“Teorema",
Análise do Filme É
um dos filmes clássicos do mestre do cinema italiano, Píer
Paolo Pasolini. Produzida em 1968, roteiro (e depois livro) do próprio
Pasolini, expressa uma perspectiva particular da crise estrutural
do capital a partir de uma de suas principais instâncias
sócio-reprodutivas: a família. O que Pasolini
nos apresenta é o relato de dissolução de uma família
burguesa a partir da chegada de um misterioso hóspede. É
a representação estética da crise de reprodução
social do capital a partir de um subgênero do cinema: o drama
de família (por exemplo, só na década passada,
podemos destacar: “Beleza Americana”, “Festa em Família”,
“Tempestade de Gelo”, “Felicidade”). O filme trata de um rico industrial de Milão, na Itália, que hospeda em sua mansão um rapaz, representado por Terence Stamp (não consta o nome do personagem). Aos poucos o estranho muda para sempre a vida de todos do lar, da empregada à matrona. De fato, a chegada do hóspede marca o inicio da degradação da família burguesa, apesar de que as condições internas da dissolução dos laços familiares já estavam pressupostas. O que o estranho hóspede fez foi apenas catalizar o processo de dissolução familiar. Inclusive, teorema significa, segundo o Dicionário Aurélio, uma “proposição que, para ser admitida ou se tornar evidente, necessita de demonstração.” Ora, a mediação-que-demonstra o vazio profundo da interioridade do mundo burguês é o personagem representado por Terence Stamp. Cada personagem membro da mansão é atraído irresistivelmente pela presença carismática do hóspede, assumindo, a partir daí, para si, uma nova personalidade. É
como se o hospede contribuísse para o desvelamento (e explicitação),
em cada personalidade, de um conteúdo latente, reprimido, que,
ao se exteriorizar, transfigurasse (e implodisse) o papel social de
cada personagem - a empregada Emilia, o filho Pietro, a filha Odetta,
a matriarca Lucia (representada por Silvana Mangano) e inclusive Paolo,
o pai, industrial de Milão, um figura passiva e ausente da cena
familiar.
A
figura do hóspede é uma representação alegórica,
um quase-Messias, cuja passagem pelo espaço familiar anuncia
o que estava pressuposto: a dissolução da ordem do mundo
burguês. É como um Cristo que veio trazer a desordem e
não a ordem para o mundo. Seria “Teorema” uma versão
profana de um outro filme de Pasolini, “O Evangelho Segundo São
Mateus” (de 1964)? Inclusive, tanto a chegada do hóspede,
como sua partida, é anunciada por um carteiro quase-angelical,
chamado Ângelo (de Anjo?), sorridente, quase um anjo caído,
cuja simpatia se contrasta com a sisudez e circunspeção
da empregada que o recepciona. Pasolini é um diretor (e escritor)
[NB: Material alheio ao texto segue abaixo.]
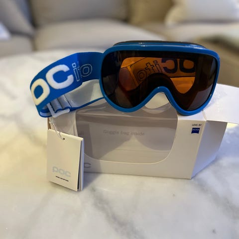 POC skidglasögon med blått band och blå tonad lins. Till glasögonen ingår ett hårt fodral med dragkedja och orange insida för skydd vid förvaring och transport. Utrustningen är avsedd för alpin skidåkning

genial e maldito, pois profaniza algo que é caro à tradição
conservadora italiana, o imaginário católico (o nome do
pai em “Teorema” é Paulo e do filho, Pedro, e da
mãe, Lucia...). Mas ele se apropria desse imaginário barroco
para traduzir a crise da sociabilidade burguesa, sua venalidade e barbárie
interior.
De fato, após a catarse familiar, cada personagem busca uma vida autêntica possível. Se Pietro busca uma saída estética, Emilia, a empregada, irá buscar uma via sacra, de uma sacralidade ascética, que não deixa de ser uma busca de autenticidade. Mas é uma autenticidade estranhada posta nos limites de um desejo insurgente, mas obliterado.. A filha do industrial, Odetta, fica emudecida numa paralisia histérica e decide, tal como a empregada Emilia, isolar-se na sua interioridade devassada. Mas, enquanto a loucura de Emilia possui um sentido ascético, quase de caráter místico; a loucura de Odetta a conduz a um isolamento total. É internada num manicômio.
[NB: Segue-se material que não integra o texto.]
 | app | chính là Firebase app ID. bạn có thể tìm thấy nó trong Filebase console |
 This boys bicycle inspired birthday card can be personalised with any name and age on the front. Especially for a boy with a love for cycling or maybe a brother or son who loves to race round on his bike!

O que percebemos é que, ao partir, o hóspede deixa um
vazio terrível na interioridade de cada personagem-membro da
família. A matrona da família, Lucia, rompendo com o principio
da fidelidade conjugal, tão cara à imagem católica
da matrona familiar, busca em aventuras com jovens rapazes as sensações
perdidas com o hospede e que preenchiam um vazio sexual (e afetivo).
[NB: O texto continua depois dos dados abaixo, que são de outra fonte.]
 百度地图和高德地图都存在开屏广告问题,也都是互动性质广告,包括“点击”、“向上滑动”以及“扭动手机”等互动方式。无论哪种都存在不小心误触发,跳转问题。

Apesar disso, ela vive uma tristeza profunda. Existe,
é claro, um paralelo entre o destino de Emilia, a empregada,
e o do burguês Paolo. Enquanto que, quando Emilia se enterra viva
sugere, de fato, a supressão de uma individualidade angustiada;
o despojamento insano de Paolo é meramente a forma possível
do burguês afirmar uma “individualidade” inexistente.
O desnudamento do burguês é a representação
de sua incapacidade hegemônica diante do processo bárbaro
do capital. É a negação do capitalista (como suporte)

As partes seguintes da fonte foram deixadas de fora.